# DATASET EXCERPTS
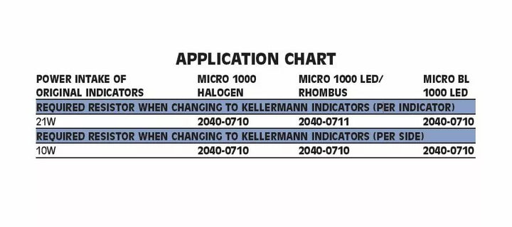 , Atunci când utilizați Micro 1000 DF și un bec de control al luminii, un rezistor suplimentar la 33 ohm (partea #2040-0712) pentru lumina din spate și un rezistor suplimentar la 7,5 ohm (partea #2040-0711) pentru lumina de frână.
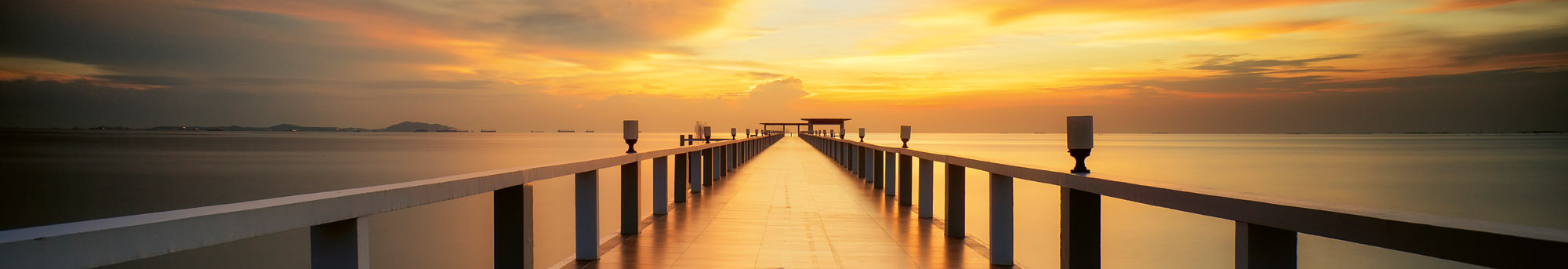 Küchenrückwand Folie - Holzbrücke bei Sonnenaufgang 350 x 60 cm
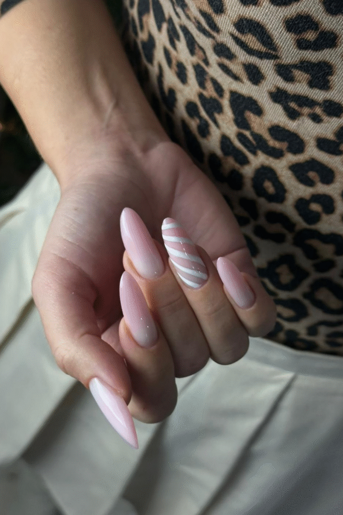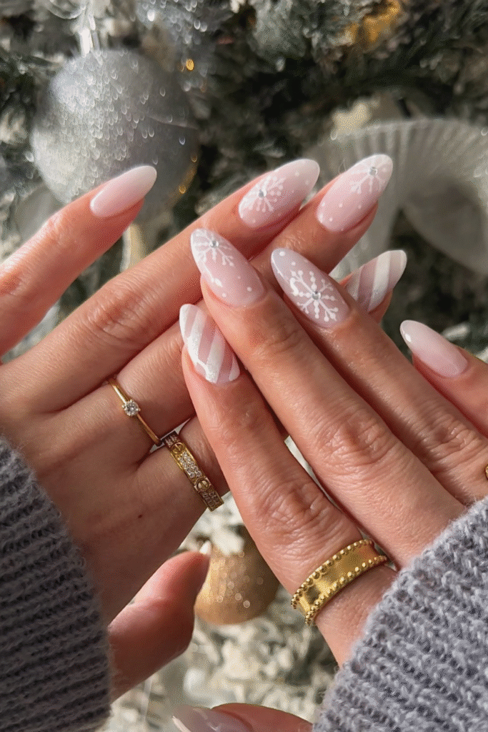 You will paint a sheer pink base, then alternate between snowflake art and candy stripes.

* * *

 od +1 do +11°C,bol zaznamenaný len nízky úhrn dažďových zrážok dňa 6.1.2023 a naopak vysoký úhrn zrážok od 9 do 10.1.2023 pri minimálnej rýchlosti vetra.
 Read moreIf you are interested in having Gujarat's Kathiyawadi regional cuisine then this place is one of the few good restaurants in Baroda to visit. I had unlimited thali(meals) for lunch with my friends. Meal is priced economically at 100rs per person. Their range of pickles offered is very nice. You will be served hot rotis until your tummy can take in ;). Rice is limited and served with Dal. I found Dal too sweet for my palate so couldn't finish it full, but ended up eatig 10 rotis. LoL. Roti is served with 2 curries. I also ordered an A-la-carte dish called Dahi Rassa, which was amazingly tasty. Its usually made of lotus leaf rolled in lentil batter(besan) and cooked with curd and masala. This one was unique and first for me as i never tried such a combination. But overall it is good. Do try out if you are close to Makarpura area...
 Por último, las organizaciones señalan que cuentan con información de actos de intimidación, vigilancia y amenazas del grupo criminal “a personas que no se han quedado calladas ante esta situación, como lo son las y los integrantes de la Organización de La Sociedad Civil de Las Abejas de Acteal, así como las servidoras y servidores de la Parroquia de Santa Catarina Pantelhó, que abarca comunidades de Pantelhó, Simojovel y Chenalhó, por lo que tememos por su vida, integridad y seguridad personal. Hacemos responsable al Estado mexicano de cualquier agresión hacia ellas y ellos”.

# PROBLEM TO SOLVE
Starting at the line containing "Küchenrückwand Folie - Holzbrücke" and stopping at the line containing "You will paint", output every line above exactly, both ends included, with pictures omitted.

# RESULT
 Küchenrückwand Folie - Holzbrücke bei Sonnenaufgang 350 x 60 cm
 You will paint a sheer pink base, then alternate between snowflake art and candy stripes.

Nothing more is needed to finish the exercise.